Хотя горлом речь не выходила, но прояснела голова как от крепкого чая. И без языка было всё взаимопонятно.
Ну конечно же, это был не жалкий Каутский — демонстрировать „за мир", а в войну не вмешиваться.
— Мы же оба не рассматриваем войну с точки зрения сестры милосердия. Жертвы, кровь и страдания неизбежны. Но был бы нужный результат.
Ну, конечно же, Парвус был основательно прав: надо, чтобы Россия была разбита, а для этого надо, чтобы Германия победила, и надо искать поддержки у неё — всё так! Но — только до этого пункта. А дальше — Парвус зарвался. Увлекшись своими успехами, он оступается, это не первый раз.

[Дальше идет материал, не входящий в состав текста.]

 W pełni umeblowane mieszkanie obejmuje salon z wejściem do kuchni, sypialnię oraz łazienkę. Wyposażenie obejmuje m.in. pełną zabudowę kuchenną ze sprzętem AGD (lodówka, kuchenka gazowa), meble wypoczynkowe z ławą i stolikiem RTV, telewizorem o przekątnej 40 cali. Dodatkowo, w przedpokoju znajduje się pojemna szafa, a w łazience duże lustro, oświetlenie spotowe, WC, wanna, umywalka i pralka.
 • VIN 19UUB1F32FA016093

— Израиль Лазаревич, если у социалиста что-нибудь реально имеется, то это — честь. Чести — мы не можем терять, мы тогда всё теряем. Говоря между нами, по расположению наших с вами позиций — ну конечно союз. И конечно, мы еще очень понадобимся и поможем друг другу. Но по вашей теперь политической одиозности... Один какой-нибудь Бурцев найдётся — и всё погибло. Так что придётся допустить между нами публичные разногласия, газетную полемику. Ну, не настойчивую... спорадически так, иногда... Так что если,... — Ленин никогда не смягчал и в глаза, Жёстче сказать, крепче будет, — ... если там, например... морально опустившийся подхалим Гинденбурга... ренегат, грязный лакей... Поймите сами, вы же не оставляете другого выхода...

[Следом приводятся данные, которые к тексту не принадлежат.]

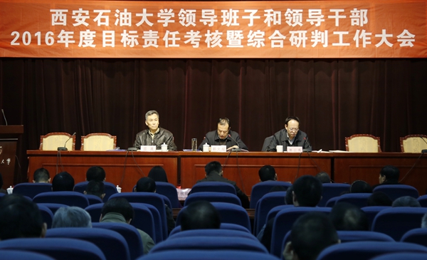 3月24日上午,省委組織部、省委高教工委在我校學(xué)術(shù)報(bào)告廳召開了西安石油大學(xué)領(lǐng)導(dǎo)班子和領(lǐng)導(dǎo)干部2016年度目標(biāo)責(zé)任考核暨綜合研判工作大會(huì)。省屬高校領(lǐng)導(dǎo)班子和領(lǐng)導(dǎo)干部目標(biāo)責(zé)任考核暨綜合研判第二工作小組組長、陜西省干部教育辦公室副主任郭文超出席會(huì)議并講話。校黨委書記賽云秀主持大會(huì)。省紀(jì)委駐教育廳紀(jì)檢組副組長易紅彬、省教育廳離退處副處長王亞麗、省委組織部宣教干部處主任科員李芃、省委高教工委組織部干部馮政清、西安理工大學(xué)人事處干部程瑤等考核組成員,我校校領(lǐng)導(dǎo)、校黨委委員、紀(jì)委委員、學(xué)術(shù)委員會(huì)委員、工會(huì)委員,正高職稱專業(yè)技術(shù)人員,正處級(jí)以上領(lǐng)導(dǎo)干部,市級(jí)以上人大代表、政協(xié)委員,民主黨派主要負(fù)責(zé)人,近三年退休的校級(jí)領(lǐng)導(dǎo)干部參加大會(huì)。

— Да смешно, да пожалуйста, — горькая усмешка перерезала одутловатое лицо Парвуса. — Вот я весной в Берлине получил миллион марок, из того миллиона сразу перевёл Раковскому, Троцкому с Мартовым, да и вам в Швейцарию, не получали? Ах, не вникали? Проверьте, проверьте у своего кассира, если не растратил... И Троцкий деньги принял, — а от меня уже и отрёкся публично: „политический фальстаф"... Написал мне живому — некролог. Я ничего не говорю, это можно конечно, я понимаю.
И застыло-стеклянно смотрел из-под поднятых редковолосых бровей.
Разошлись они с Троцким раньше, на перманентной революции. А любил он его как младшего брата.
Но на Ленина — он очень надеялся, и толкал, толкал его по кровати своею массивной рыхлостью, заставляя двигаться к подушке, уже локтем ощущать спинку сзади.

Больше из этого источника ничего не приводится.